-- Data for the task --

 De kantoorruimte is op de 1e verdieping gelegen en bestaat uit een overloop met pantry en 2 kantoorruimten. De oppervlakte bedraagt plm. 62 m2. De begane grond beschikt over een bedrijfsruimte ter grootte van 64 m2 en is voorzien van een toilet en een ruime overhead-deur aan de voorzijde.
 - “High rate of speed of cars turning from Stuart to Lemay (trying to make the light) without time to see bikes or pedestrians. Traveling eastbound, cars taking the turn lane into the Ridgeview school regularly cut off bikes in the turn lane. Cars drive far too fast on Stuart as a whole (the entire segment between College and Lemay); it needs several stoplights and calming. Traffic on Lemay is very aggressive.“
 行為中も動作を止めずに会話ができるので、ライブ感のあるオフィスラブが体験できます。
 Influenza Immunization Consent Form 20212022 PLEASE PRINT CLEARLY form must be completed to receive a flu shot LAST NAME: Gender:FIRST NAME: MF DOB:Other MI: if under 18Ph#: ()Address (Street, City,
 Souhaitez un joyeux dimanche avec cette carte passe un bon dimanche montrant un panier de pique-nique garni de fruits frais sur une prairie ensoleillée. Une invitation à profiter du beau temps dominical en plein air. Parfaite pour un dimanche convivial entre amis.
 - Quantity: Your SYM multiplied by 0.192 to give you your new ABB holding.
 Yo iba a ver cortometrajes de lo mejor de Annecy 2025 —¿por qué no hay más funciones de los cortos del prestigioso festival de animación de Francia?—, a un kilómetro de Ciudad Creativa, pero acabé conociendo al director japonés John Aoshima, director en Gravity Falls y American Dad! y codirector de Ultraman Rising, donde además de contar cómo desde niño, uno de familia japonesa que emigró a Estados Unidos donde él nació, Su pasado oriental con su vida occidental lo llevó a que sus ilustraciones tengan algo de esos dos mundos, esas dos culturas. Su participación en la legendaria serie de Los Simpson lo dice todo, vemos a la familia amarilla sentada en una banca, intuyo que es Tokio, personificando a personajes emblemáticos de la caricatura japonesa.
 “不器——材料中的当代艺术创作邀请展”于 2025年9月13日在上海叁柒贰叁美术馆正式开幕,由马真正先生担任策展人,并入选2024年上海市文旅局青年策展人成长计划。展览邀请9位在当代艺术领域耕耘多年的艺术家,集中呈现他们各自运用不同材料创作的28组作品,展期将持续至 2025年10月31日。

-- Your assignment --
What is needed is an exact transcription of all the data.

-- Completed exercise --
 De kantoorruimte is op de 1e verdieping gelegen en bestaat uit een overloop met pantry en 2 kantoorruimten. De oppervlakte bedraagt plm. 62 m2. De begane grond beschikt over een bedrijfsruimte ter grootte van 64 m2 en is voorzien van een toilet en een ruime overhead-deur aan de voorzijde.
 - “High rate of speed of cars turning from Stuart to Lemay (trying to make the light) without time to see bikes or pedestrians. Traveling eastbound, cars taking the turn lane into the Ridgeview school regularly cut off bikes in the turn lane. Cars drive far too fast on Stuart as a whole (the entire segment between College and Lemay); it needs several stoplights and calming. Traffic on Lemay is very aggressive.“
 行為中も動作を止めずに会話ができるので、ライブ感のあるオフィスラブが体験できます。
 Influenza Immunization Consent Form 20212022 PLEASE PRINT CLEARLY form must be completed to receive a flu shot LAST NAME: Gender:FIRST NAME: MF DOB:Other MI: if under 18Ph#: ()Address (Street, City,
 Souhaitez un joyeux dimanche avec cette carte passe un bon dimanche montrant un panier de pique-nique garni de fruits frais sur une prairie ensoleillée. Une invitation à profiter du beau temps dominical en plein air. Parfaite pour un dimanche convivial entre amis.
 - Quantity: Your SYM multiplied by 0.192 to give you your new ABB holding.
 Yo iba a ver cortometrajes de lo mejor de Annecy 2025 —¿por qué no hay más funciones de los cortos del prestigioso festival de animación de Francia?—, a un kilómetro de Ciudad Creativa, pero acabé conociendo al director japonés John Aoshima, director en Gravity Falls y American Dad! y codirector de Ultraman Rising, donde además de contar cómo desde niño, uno de familia japonesa que emigró a Estados Unidos donde él nació, Su pasado oriental con su vida occidental lo llevó a que sus ilustraciones tengan algo de esos dos mundos, esas dos culturas. Su participación en la legendaria serie de Los Simpson lo dice todo, vemos a la familia amarilla sentada en una banca, intuyo que es Tokio, personificando a personajes emblemáticos de la caricatura japonesa.
 “不器——材料中的当代艺术创作邀请展”于 2025年9月13日在上海叁柒贰叁美术馆正式开幕,由马真正先生担任策展人,并入选2024年上海市文旅局青年策展人成长计划。展览邀请9位在当代艺术领域耕耘多年的艺术家,集中呈现他们各自运用不同材料创作的28组作品,展期将持续至 2025年10月31日。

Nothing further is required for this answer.